Firth is a little city of 500 inhabitants. It is located in the southeast corner of Lancaster County, 22 miles from Lincoln, our county seat and the capitol of our great state of Nebraska. We are located in the midst of some beautiful scenery – our shady park to our east, the Nemaha river on our north, west and south with its banks thickly covered with huge trees, furnish the best recreation for the sportsmen who enjoy hunting and fishing. We are also justly proud of our farmlands, our industrious farmers, and their estimable wives and children, who assist them in their daily toil. Lands for many miles around us, if sold at all, are valued at $90 to $150 per acre. Numerous and costly improvements dot the premises of these happy and contented farmers and their stock continues to make hay even if the sun has gone down. We are on the main line of the Burlington railroad from ST. Louis to Billings, Montana, and have no kicks to register for the railroad service that we do not receive.

In our city we have a public school worthy of the admiration of our entire populace. The school supports four able teachers, and our children are obliged to finish ten grades before leaving to take up a course in some business college.

The Firth Bank is located in the heart of the city and its business is looked after by two energetic, hustling young men, who greet you with a smile and look after your interests in a businesslike manner. Their deposits at this time are $170,000.

McElvain & Damrow are proprietors of the new Firth Roller Mills. This business started up about the middle of January,1909, and during eight months shipped out 503 cars. Their daily payroll amounts to $50 per day – Thirteen men being employed steady. They are at present shut down making repairs and when they start up again will have in rels to their already large capacity. This is an enterprise that our people in general should appreciate.

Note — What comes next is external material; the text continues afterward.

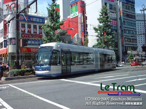 岡山駅前。何よりも背景がちょっとケバすぎます。車両デザインではヨーロッパのどのトラムにもひけを取らないMOMOですが、周辺の景観がこれでは泣きます。ヨーロッパのトラムだと形のいい石造りの家がバックになるのですが。この写真にも写っている某ファースト・フードチェーン店、例えばフライブルクではこういう風にしているので、日本でも見習って欲しいものです。(2002.6.9) |

We have four churches, viz: Christian, Presbyterian, Holland, and Christian Scientists. They are all blessed with increasing membership and, able pastors. Their good work the past year has been recognized by our people

We have three general stores, all owned and managed by young, wide-awake hustling business men.

The balance of our enterprises are as follows:

Two drug stores

One lumber yard

One barber shop

One furniture store

Post office

Volunteer fire department

One livery and feed barn

Cement block factory

Two implement houses

One butcher shop

Bell and Independent telephones

One physician

One veterinary surgeon

No saloons or gambling houses

Three rural mail carriers

Five carpenters

Two masons

One well equipped printing office

Gas street lights

City water

Masonic, I.O.O.F., M.W.A., A.O.U.W., R.N.A., and D. of H. lodges

Hon. Town Board – City Marshal

Best amateur baseball team in the state – no josh

Plenty of old maids

A few (?) gossips

Sidewalk politicians

Only four hypocrites

One jolly, fat stock buyer

No drunkards

And last, but not least, some of the best people in the world.

If you are looking for a home, a place to trade or the best markets for your stock and produce, come to Firth where we always have the best.